RDataFrame filter result incorrect

beojan · October 20, 2018, 1:13pm

I have three filters which should split my data into three categories:

auto boosted = df.Filter("event.truth_type==2", "boosted");
auto intermediate = df.Filter("event.truth_type==1", "intermediate");
auto resolved = df.Filter("event.truth_type==0", "resolved");

However, the cutflow report reads:

boosted   : pass=5454       all=89389      --    6.101 %
intermediate: pass=36263      all=89389      --   40.568 %
resolved  : pass=54524      all=89389      --   60.996 %

I.e. the three categories add up to more than 100%. Comparing to the result of TTree::Draw, it seems the problem is with the resolved filter.

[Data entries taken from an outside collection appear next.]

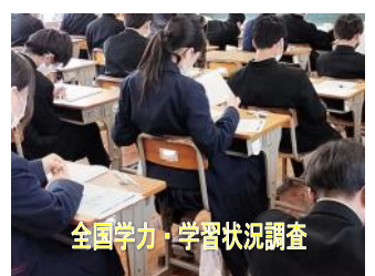
全国学力・学習状況調査
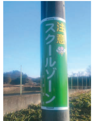
スクールゾーン標識設置

全国的に登下校中の児童の列に車が突っ込むなど、残念な交通事故が多く発生している。学校、PTA、地域の皆様に立哨や見守りを実施して頂いているが、早急な対策が必要でありどのように対応していくのか。また、学校周辺の一定エリアと通学路を「スクールゾーン」と位置づけし、速度制限の強化や道路標識の設置、安全面での路面標示などを実施してはどうか伺う。
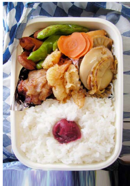
09/08/17/mon ウインナー／鶏唐揚げ／シシトウ／エビ天ぷら／梅干し ホタテ・ニンジン煮
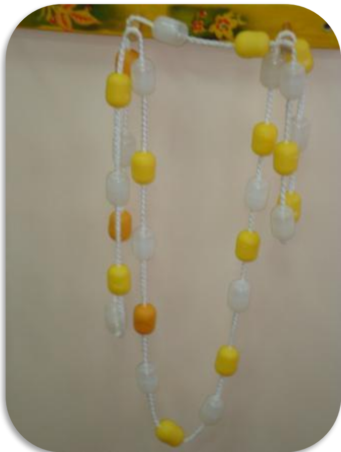
Музыкальная игра «Круг»
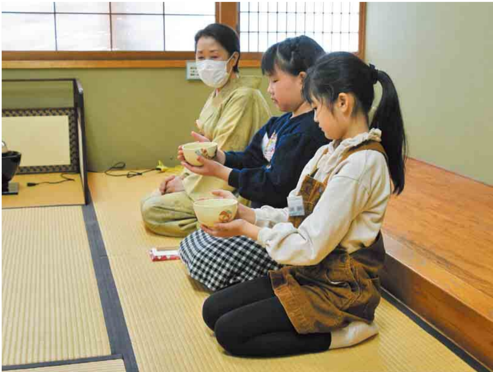
▲作法に沿って茶碗を回し、絵柄を避けてから先生に点ててもらったお茶をいただきます

3月16日に八千代台公民館で子どもの茶道体験講座が開催されました。小学生の子どもたちに、日本の伝統文化である茶道に気軽に触れてもらうことを目的とした講座で、講師から茶室での作法を教わってから、みんなでお菓子とお抹茶をいただきました。先生が点てたお茶を味わった後は、子どもたちがペアになってお互いにお茶を点て合い、茶道の作法について学ぶことができました。
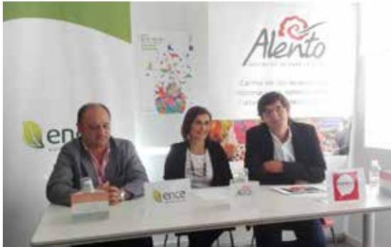
Inauguración en 2017 do punto informativo de Alento en Pontevedra: PonteDCA.
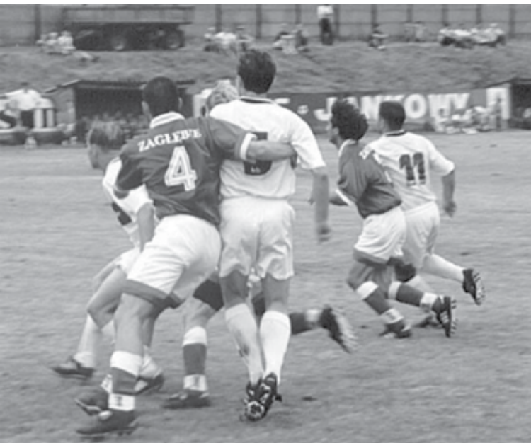
W meczu walki Zagłębie Sosnowiec zrewanżowała się za bolesną klęskę sprzed niespełna dwóch miesięcy
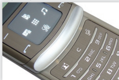
Dotyková plocha a klávesnica
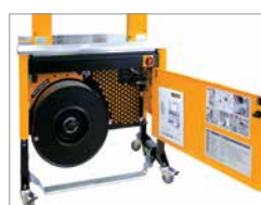
Robuste, compacte constructie
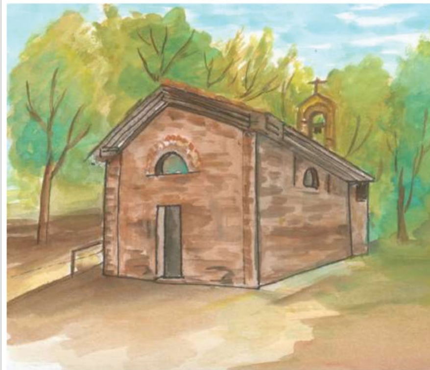
CORTONAGRAFICA - CORTONA
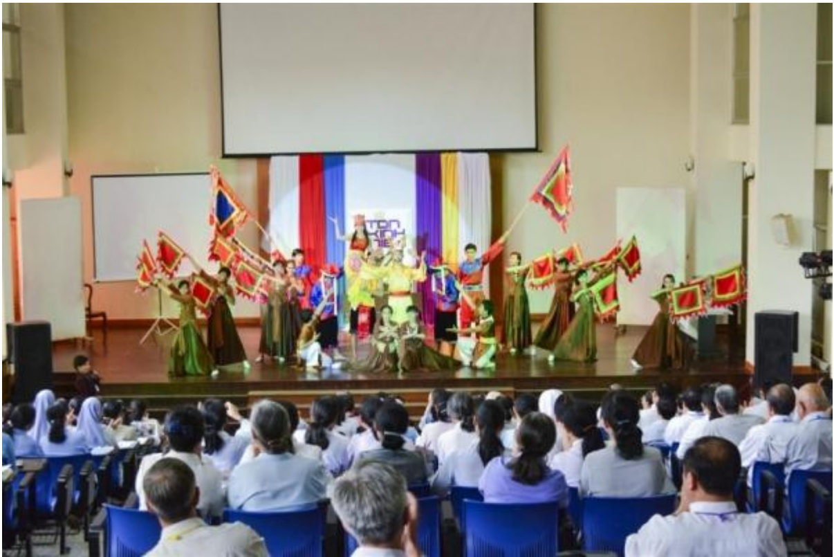
Nhạc Cảnh Hùng Vương Lập Quốc, nhóm vũ Vinh Sơn
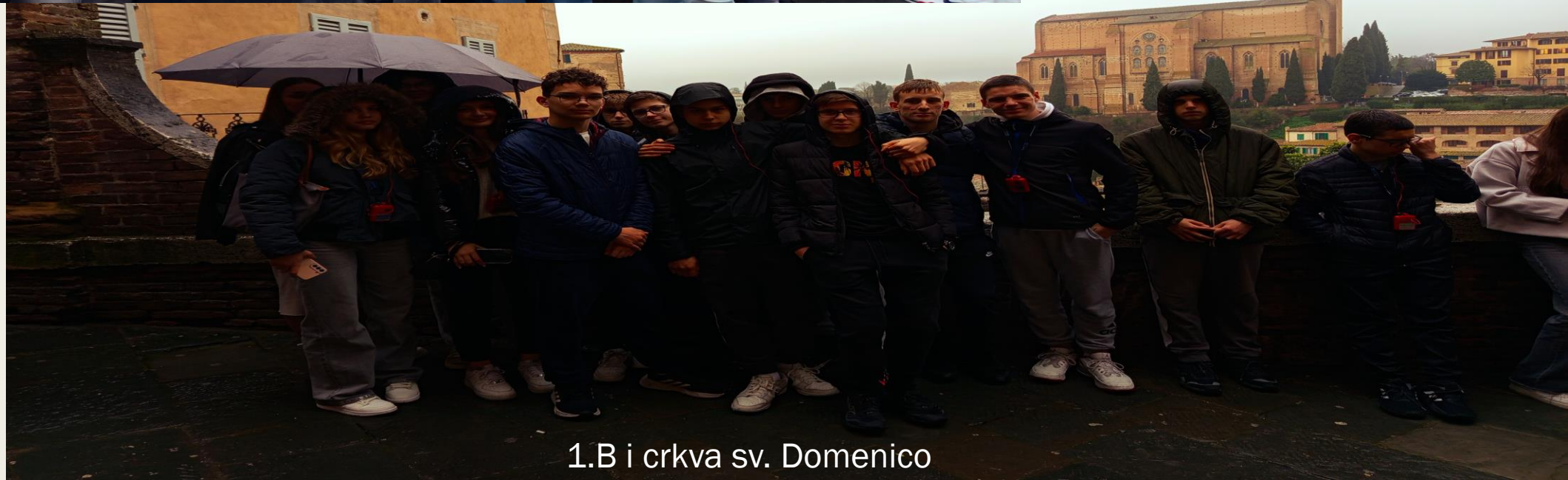
1.B i crkva sv. Domenico
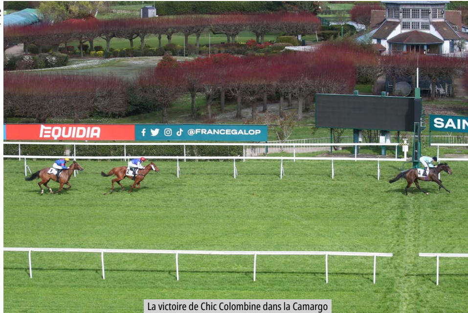
La victoire de Chic Colombine dans la Camargo
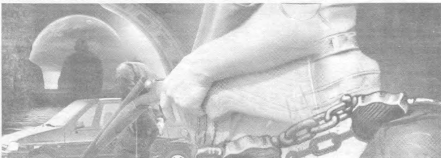
«Биллард шарчаларини тасаввур қил, уни қий билан туртишинг билан ҳаммаси тирқираб кетади. Сен мўлжалга олган шарларга, стол деворларига туртилиш ва урилишларис амалга ошмайди. Инсоннинг умр йўлини ҳам тақдир зарбаларис тасаввур қилиб бўлмайди. Ҳаётингдаги зарбалар ва туртилишлар сени ўзинг кутмаган жойларга йўллашига ишонавер...» (Мулло Насифнинг «Графга насиҳати»дан)

— Бировга айтсанг башарани кесиб кетаман, тушундингми? — дўқ қилди у. Оғайни, у чўнтаккесарлик қилаётганидан мендан нима учун унчалик қўрқмаганига ҳайрон бўлгандим. Сўзга саклаб олган дўқдан унчалик қўрқмаганимнинг аниқлиги сезилди. У чўнтағимга бир даста пулни тиқиб қўйди ва бир нарсга дейишга улгурмасидан йўлиб бўлди. Йўлда кетар эканман, ўзимча чўнтағимдаги пулга қизиқдим. Санаб кўрсам бу пулни ҳаммоллик қилиб уч ойда топшим мумкин экан. Эртасига пулни унга қайтариб бермоқчи бўлдим. Кўнглим хижил бўлиб ўгай ақинашар эканман, остонада бир пайтлар итнинг катагига қамалишимга сабабчи бўлган таниш башарани кўриб қотиб қолдим. У беамол отам билан суқбатлашиб турар, қўлида эса эски брезентга ўралган нимадир бор эди. У мен билан хотиржам қўришди. Шунда унинг оғиздаги сарик тишлар яттираб кетди. Отам унинг ўгай онам билан қилиб юрган ишларидан беҳабарлиги тобора жаҳилими чиқарди. Улар бир гаилда халлиги нарсага олиб ҳолатхонага томон юришди. Брезентни очинганида унинг ичидagi қўрқма миллияқа қўзим тушди. Ёнида тўрт-беш кути ўқ ҳам бор эди. Буларни пакетга ўрашди ва ҳолатхонага ташлаб юборишди. У бетамиз ўгай тез-тез келиб турадиган бўлди. Бу орада қиссаворга шогирд тушиб қолганимни ўзим ҳам билимай қолдим. У менни шўфатсизликка ўргатди. Дўйдан қотиб, уйимизга келадиган ўша бетамизга нисбатан нафрат
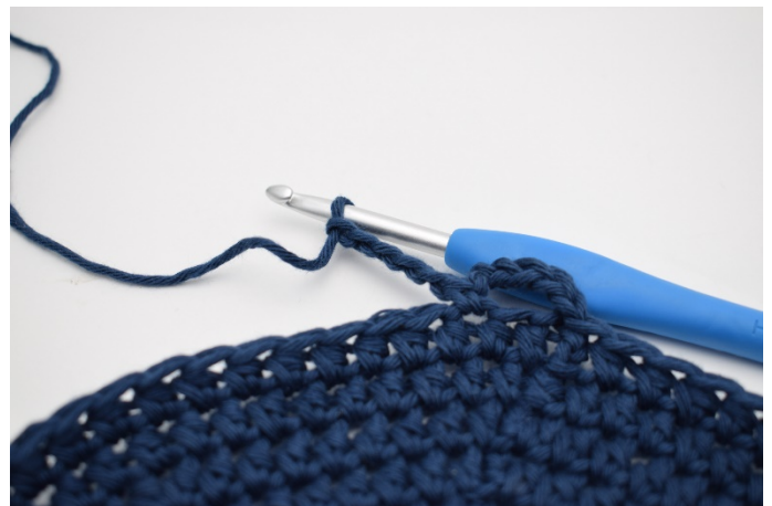
4. Haak 5 l.
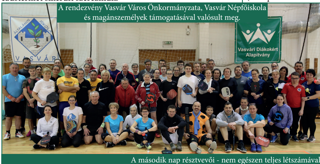
A második nap résztvevői - nem egészen teljes létszámmal

A november végi eseményre több, mint 20 ország nevezését várja az Európai Pickleball Szövetség (European Pickleball Federation).
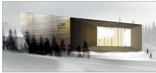
Rakenteilla olevasta Lumiareenasta Arkkitehtitoimisto Lukkaraisen toimittama havainnekuva.
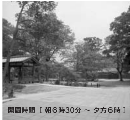
開園時間 [ 朝6時30分 ~ 夕方6時 ]

お問合せ・お申込みは、都市計画課都市デザイングループ(☎6562、FAX6540)へ。
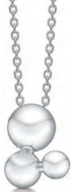
Vedhæng 242710K 45 cm 1.275,-
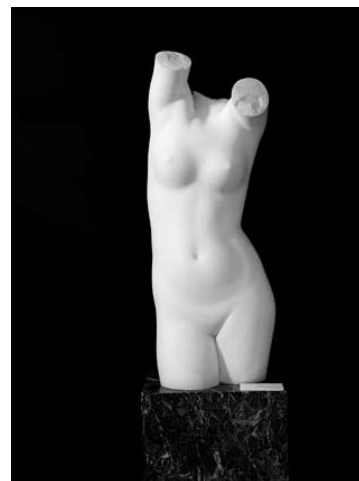
Torso de muller Jaime Otero Camps (Mahón, Menorca 1888-Barcelona 1945) Escultura en mármore 94 x 32 x 34 cm. N.º de Orde MPL: E-041 N.º de Rexistro MPL: 263 N.º Catálogo Museo do Prado: E00607 N.º do MNCARS: AS00544 Depositado polo Museo Nacional de Arte Moderna. Orde ministerial de 7 de febreiro de 1933
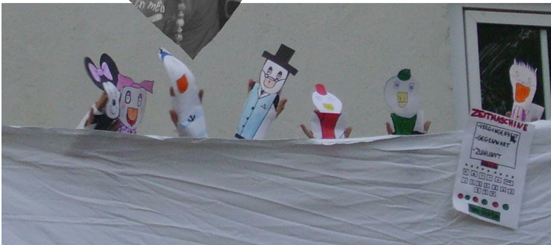
Die Bewohner Entenhausens bei einer Darbietung zum Bunten Abend
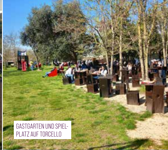
GASTGARTEN UND SPIELPLATZ AUF TORCELLO
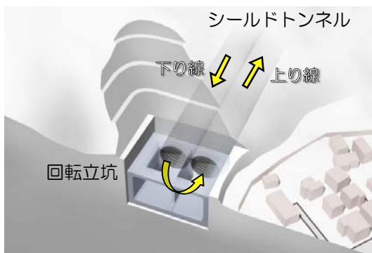
回転立坑イメージ
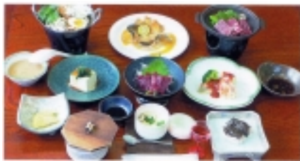
地元の恵みをいかした手作り料理

当館自慢のお風呂はすべて天然温泉の源泉かけ流しで24時間お楽しみ頂けます。男湯、女湯が1つずつ、露天風呂も男女1つずつあり、広くて気持ちが良いと大変喜ばれています。また、館内各所には主人の作品を展示させていただいており、お客様からは、ちょっとした美術館の雰囲気を楽しめる、とのお言葉を頂戴することも。もうじき紅葉の美しい季節がまいります。皆様もぜひ当館で、おいしい料理と気持ち良いお風呂をお楽しみいただけますよう、心からお待ちいたしております。
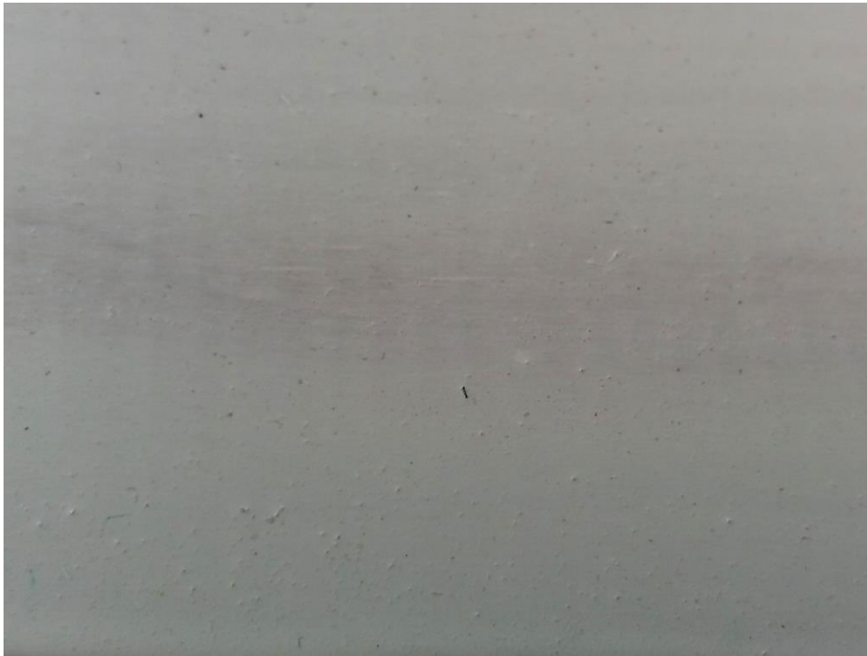
Slika 21. Zrna prašine u laku
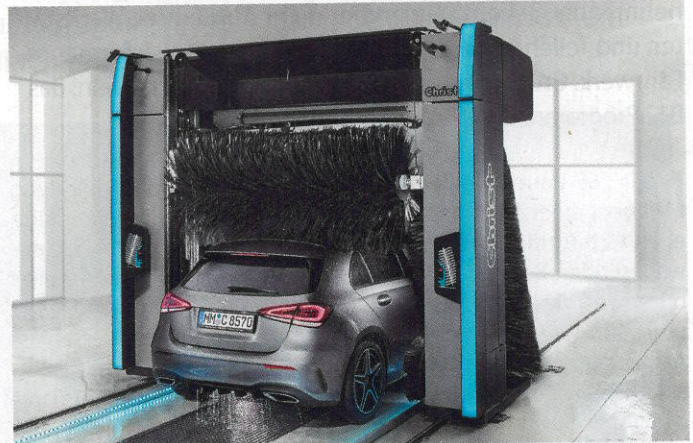
Die Portalwaschanlage Cadis ist die optimale Lösung: zuverlässig, langlebig und kostengünstig

Klare Linien und Formen in Abstimmung mit einem ausgewählten Farbbereich bringen Funktion und Design in Einklang. Die Blade Designele-
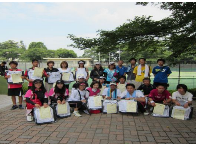
男女Bトーナメント各ブロック優勝
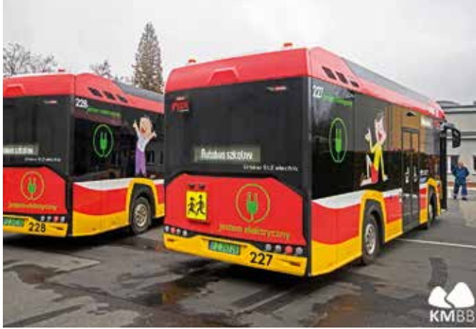
fol. Komunikacja Miejska w Bielsku-Białej

Mimo tego, że ostatnia seria przygód znanych bohaterów bielskich kreskówek: Bolka i Lolka została zrealizowana w 1986 roku – to nie koniec ich perypetii. Jeszcze w marcu ujawnią się bowiem z nową misją – jako patroni pierwszych autobusów elektrycznych w Bielsku-Białej, które zasilili tabor Miejskiego Zakładu Komunikacyjnego.
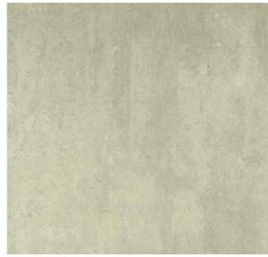
beige - 45 x 45 cm
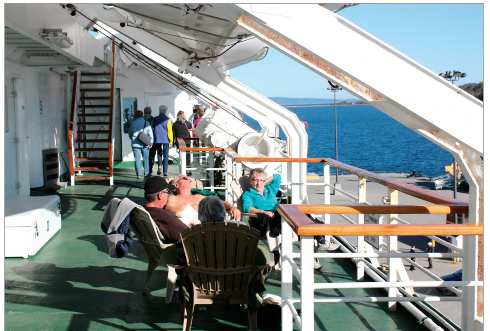
Le meilleur endroit pour prendre quelques heures ou encore quelques journées de bon temps...
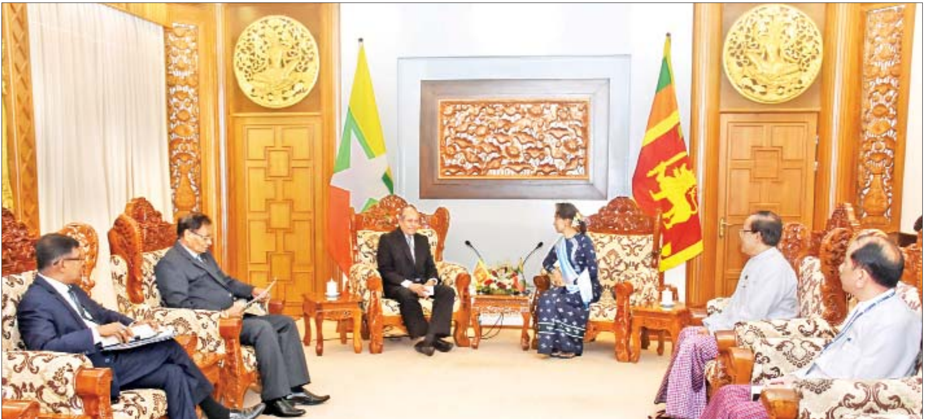
နိုင်ငံတော်၏အတိုင်ပင်ခံပုဂ္ဂိုလ် ဒေါ်အောင်ဆန်းစုကြည် သီရိလင်္ကာနိုင်ငံခြားရေးဝန်ကြီး မစ္စတာ တီလက် မာရာပါနာအား လက်ခံတွေ့ဆုံစဉ်။
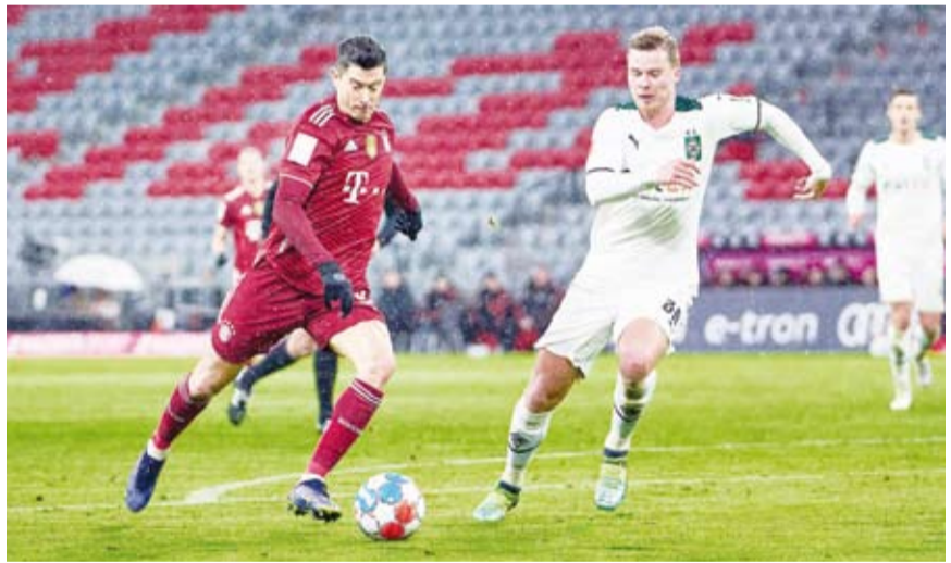
لقطة من مباراة بايرن ميونخ وبوروسيا مونشنغلاذباخ

وهي الخسارة الثالثة لبايرن ميونخ هذا الموسم فتجمد رصيده عند 43 نقطة في الصدارة، فيما خلف بوروسيا مونشنغلاذباخ النقاط الثلاث ورفع رصيده إلى 22 نقطة في المركز الحادي عشر.

eguiraud · October 20, 2018, 4:26pm

Wow that’s weird, thanks for reporting.
Could you provide a minimal reproducer that we can run and debug?

Cheers,
Enrico

beojan · October 21, 2018, 5:24pm

The macro is:

void ProcessTruth(std::string filename) {
    using namespace std;
    using namespace ROOT;
    ofstream out("TruthSummary.csv", ios::app);
    RDataFrame df("fullmassplane", filename);
    auto boosted = df.Filter("event.truth_type==2", "boosted");
    auto intermediate = df.Filter("event.truth_type==1", "intermediate");
    auto resolved = df.Filter("event.truth_type==0", "resolved");
    auto correct_selection = resolved.Filter("event.truth_h1_j1 && event.truth_h1_j2 && event.truth_h2_j1 && event.truth_h2_j2", "correct_sel");
    auto correct_pair = resolved.Filter("event.truth_h1_j1==1 && event.truth_h1_j2==1 && event.truth_h2_j1==2 && event.truth_h2_j2==2", "correct_pair");
    auto wrong_selection = resolved.Count().GetValue() - correct_selection.Count().GetValue();
    auto wrong_pair = correct_selection.Count().GetValue() - correct_pair.Count().GetValue();
    out << filename << "," << boosted.Count().GetValue() << "," << intermediate.Count().GetValue() << "," << resolved.Count().GetValue() << ","
        << correct_pair.Count().GetValue() << "," << wrong_pair << "," << wrong_selection << std::endl;
    df.Report()->Print();

}

The file I’m running on is at /eos/user/b/bstanisl/DebugFile/M1200/M1200.root and shared with @eguiraud and sft-root.

beojan · October 22, 2018, 9:51am

The correct_selection and correct_pair filters also return 0. Doing the same thing with root_pandas shows that this is also incorrect.

EDIT:
Working interactively (root -l) in LCG 94 Python 3:

root [0] using namespace ROOT;
root [1] RDataFrame df("fullmassplane", "M1200.root")
(ROOT::RDataFrame &) A data frame built on top of the fullmassplane dataset.
root [2] .ls
root [3] df.Filter("event.truth_type==0").Count()
(ROOT::RDF::RResultPtr<ULong64_t>) @0x58edf30
root [4] df.Filter("event.truth_type==0").Count().GetValue*(
root (cont'ed, cancel with .@) [5]
root (cont'ed, cancel with .@) [5].@
root [6] df.Filter("event.truth_type==0").Count().GetValue()
(const unsigned long long) 47672
root [7] df.Filter("event.truth_type==0").Count().GetValue()
(const unsigned long long) 54524

The incorrect value is only returned if another filter has been added already.

eguiraud · October 22, 2018, 9:35pm

Thanks for the update.
This is now ROOT-9743, let’s continue the discussion there.

I’m not sure I will have time to look into it before next week, but in any case it’s very close to the top of the priority queue

Cheers,
Enrico

system · November 5, 2018, 9:35pm

This topic was automatically closed 14 days after the last reply. New replies are no longer allowed.